The second gigantic market failure in health is the universal (I admit – this one could be universal) failure of health insurance markets. This I learned from Professor Arrow in his 1963 paper. But what kind of health problem is most compromised when insurance markets fail, the inexpensive kind (handled in primary care centers) or the expensive kind (handled in hospitals)? I would leave this as a rhetorical question but in order to not be misinterpreted, the answer is “expensive”. (There is a specious argument going around that lots of badly diagnosed problems at primary centers lead to large overall expenditures. This is specious on the policy front since much of this mis-diagnosis is done at public facilities. At least in many countries I know of. In any case, this “depends” and needs to be examined in context before universal statements are made about it.)
So, on conventional economic grounds, there is a very good argument for government intervention on public goods and on the risk/ insurance/ hospital set of problems. Not prima facie on primary health care (medical, curative) that is implied by “universality”. Whether health care is particularly important for poor people (not from protection from risk – that falls into the insurance problem that everyone faces) must be evaluated against everything else governments might do to rectify an unfair distribution of income. Health care is not an obvious choice in comparison to food, for example, or unconditional cash transfers. I will elaborate in another post.
On grounds of the variable degree of difficulty of administering different public policies, this can’t be constant across countries and can’t be assumed to justify publicly provided or insured primary care. From evidence that money often fails to reach clinics (Gauthier and Wane) to absenteeism (Kremer et al, Chaudhury et al)) to poor quality care (Das and Hammer, Das et al) to substitution with large private sectors (sorry, cross effects, of prices or distance, of public and private sectors are really hard to pin down and largely unknown but often suspected to be large since people shop around for both (Filmer et al, Leonard)) makes the net impact of public efforts to provide primary care very doubtful in general and, in any case, questionable frequently enough to make advocacy of universal provision … irresponsible at best.

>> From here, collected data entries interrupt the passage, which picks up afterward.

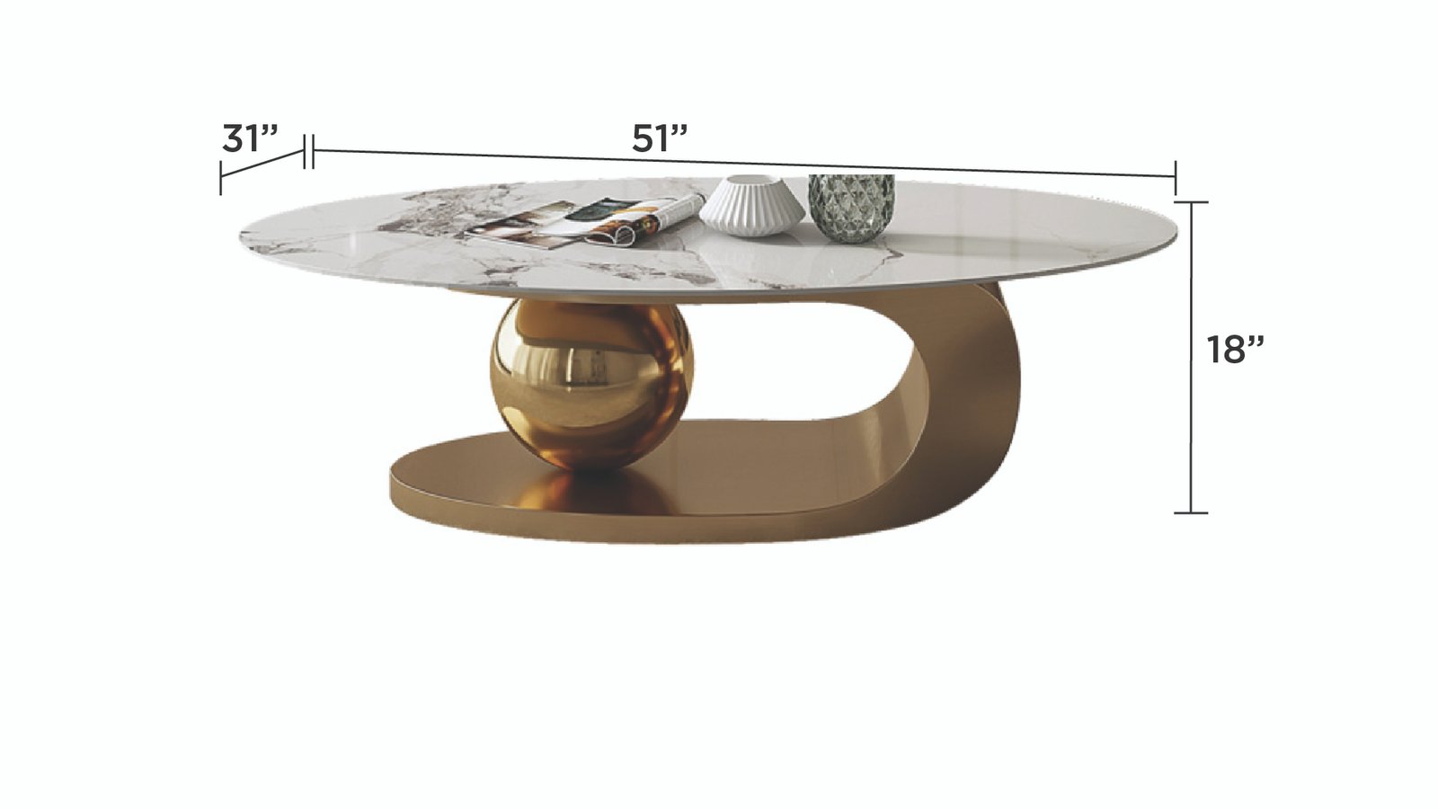 Introducing our luxurious coffee table, a stunning blend of modern design and timeless elegance that will transform any living space. With a durable golden stainless steel frame and radiant finish, this table exudes sophistication and glamour. The premium ceramic tabletop provides both style and practicality, perfect for displaying decor or enjoying refreshments. Ideal for both contemporary and classic interiors, this coffee table is the perfect statement piece to elevate your home.
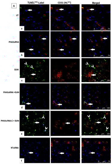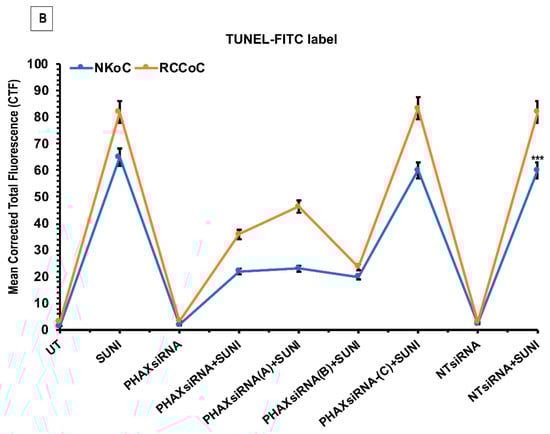 TUNELpositive cells in sections of ccRCC organ cultures subjected to PHAX-siRNA; PHAX-siRNA-A, B, and C; and non-targeting-siRNA (NT-siRNA) prior to treatment with sunitinib (200 µM) for 1 h at 37 °C. (A) Untreated cultures and cultures treated with a cocktail of PHAXsiRNA alone show negligible levels of TUNEL positive cells (arrows) (panels a,b) compared sunitinib-treated cultures, which show increased cell death in some tumour cells (arrowheads) and in CD31positive blood vessel ECs (arrows) (c). In contrast, cultures pre-treated with PHAXsiRNA prior to sunitinib treatment show diminished levels of TUNELpositive cells (d), while cultures pre-treated with PHAXsIRNA-C prior to sunitinib treatment showed a similar pattern to cultures treated with sunitinib-alone (e). Cultures pre-treated with NTsiRNA (negative control) showed a negligible level of staining, similarly to UT cultures (f). Original magnification ×40. (B). Quantification of the percentage of TUNELpositive cells/total number of cells x100 at ×40 magnification. Statistical significant data are presented as means + SEMs. (*** p < 0.0001-UT vs. treated cultures); ns–not significant. One-way ANOVA and Bonferroni post hoc test were used to determine statistical significance. *** p < 0.0001—vs. UT or PHAXsiRNA or NTsiRNA alone-treated cultures, + p < 0.001—vs. sunitinib-treated cultures; ns—not significant. N = 3 per group with similar results.
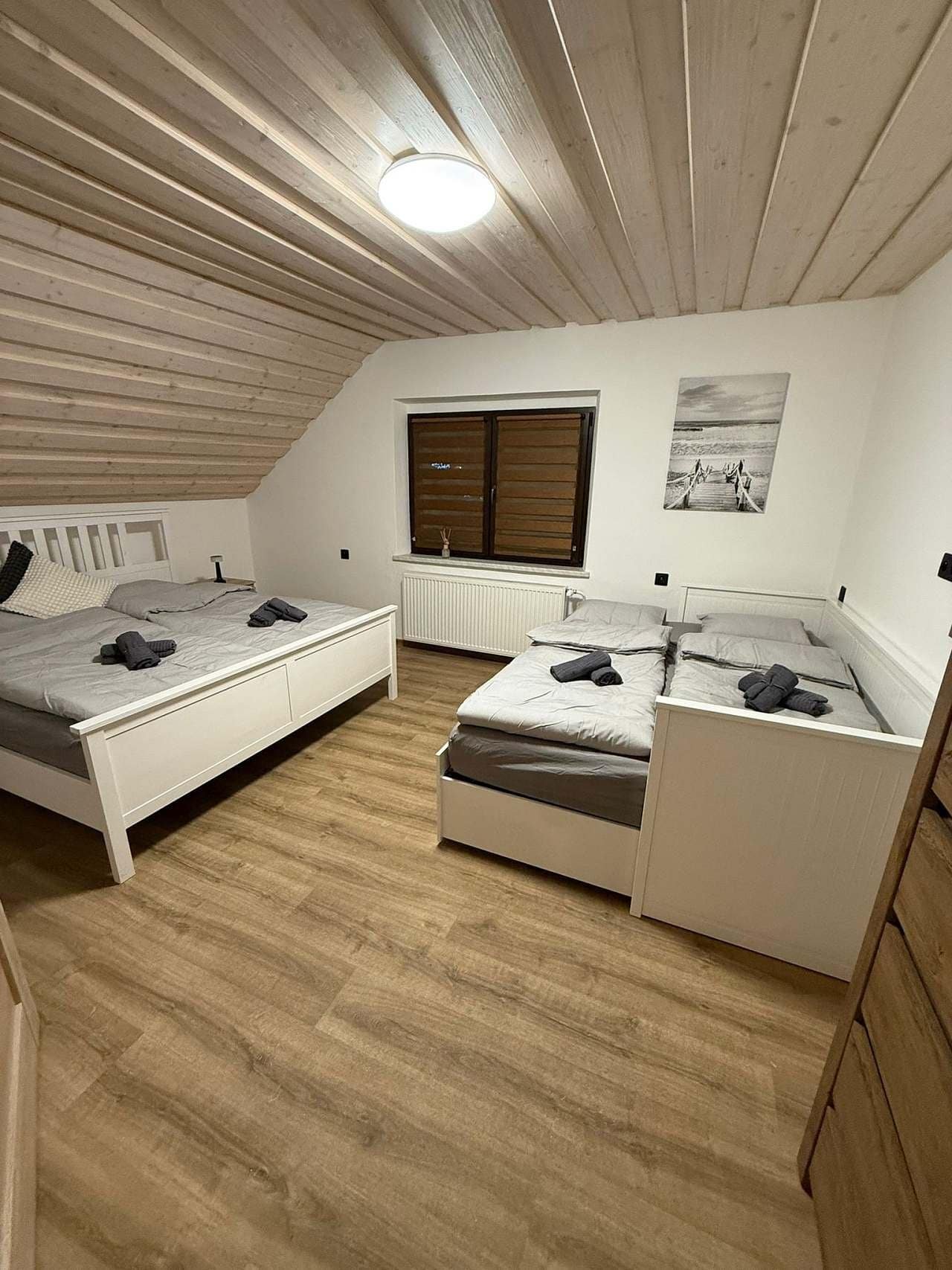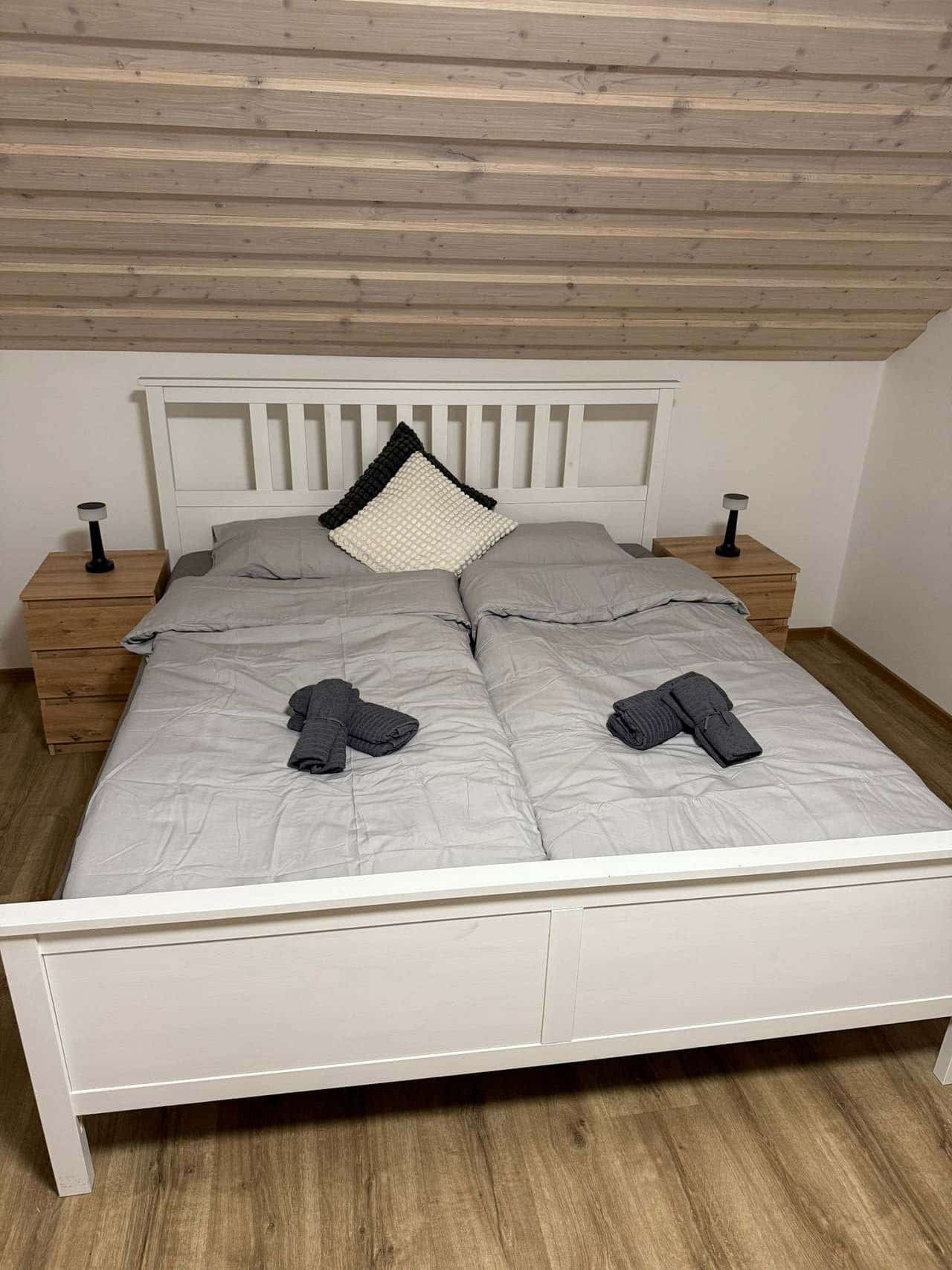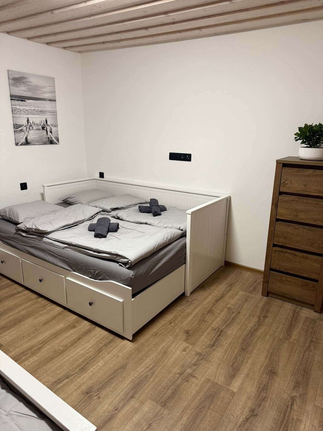 2. ložnice: Dvě prostorné dvoulůžkové postele (180x200 cm) + možnost dětské postýlky.
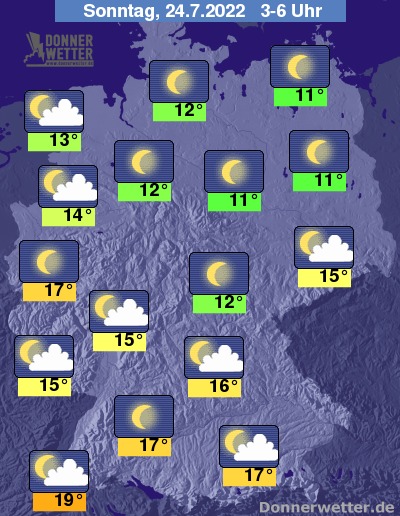 In der Nacht zum Sonntag klingen letzte Schauer an den Alpen rasch ab und es lockert hier auf. Im übrigen Bundesgebiet ist es schon verbreitet nur locker bewölkt und vor allem über der Nordosthälfte wird es meist sternenklar, dazu bleibt es trocken. Die Temperatur sinkt auf 19 Grad in Freiburg und 11 Grad in Neubrandenburg.
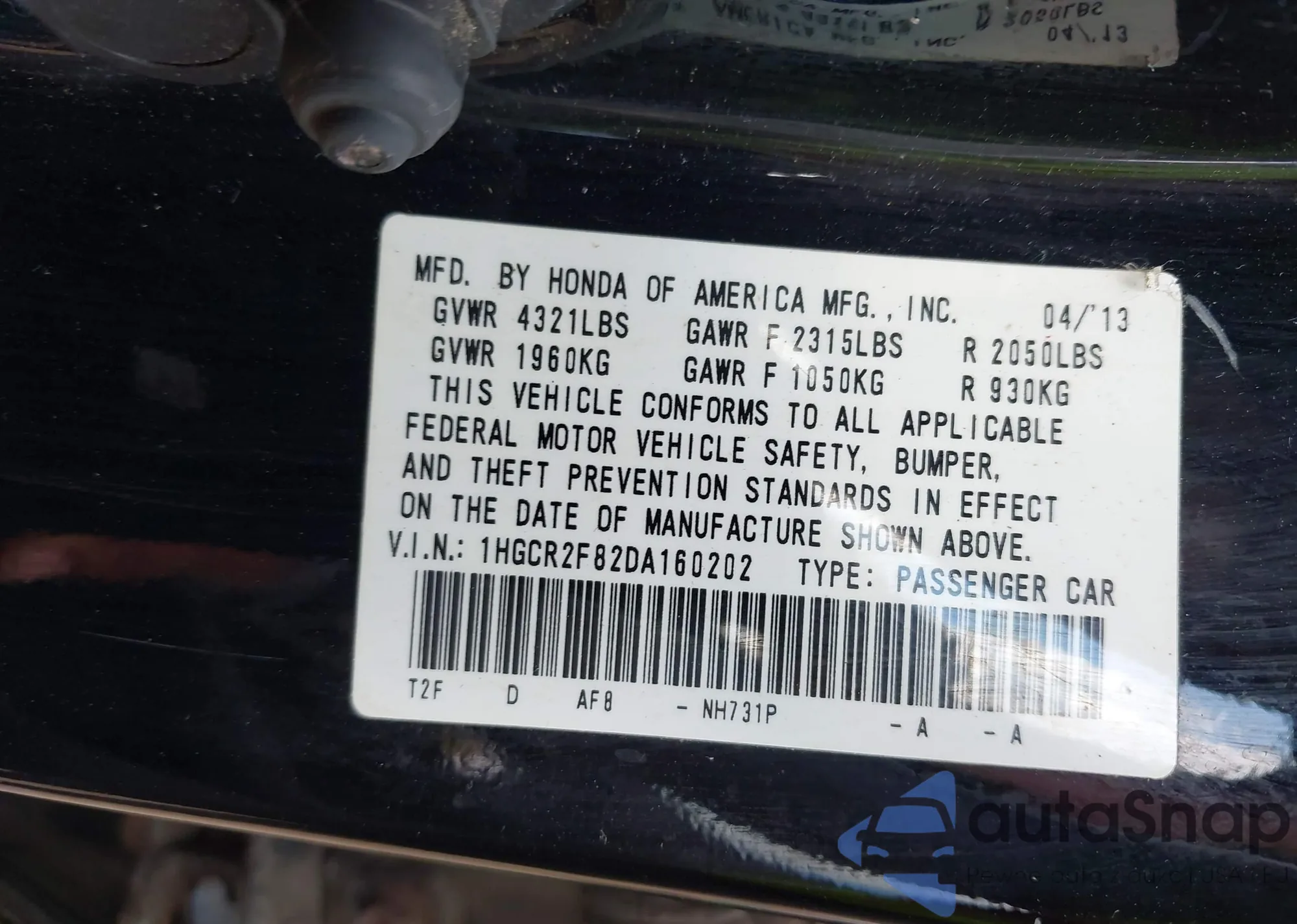 • VIN 1HGCR2F82DA160202

In future posts I will elaborate on the distributional effect of public spending on health, on the track record of primary care provision and on the challenges of correcting insurance market failures mostly from a public administration/ public capacity perspective. For now I just want to flag the point that advocacy of a single policy prescription for every country of something that is questionable for each of those countries is… irresponsible at best.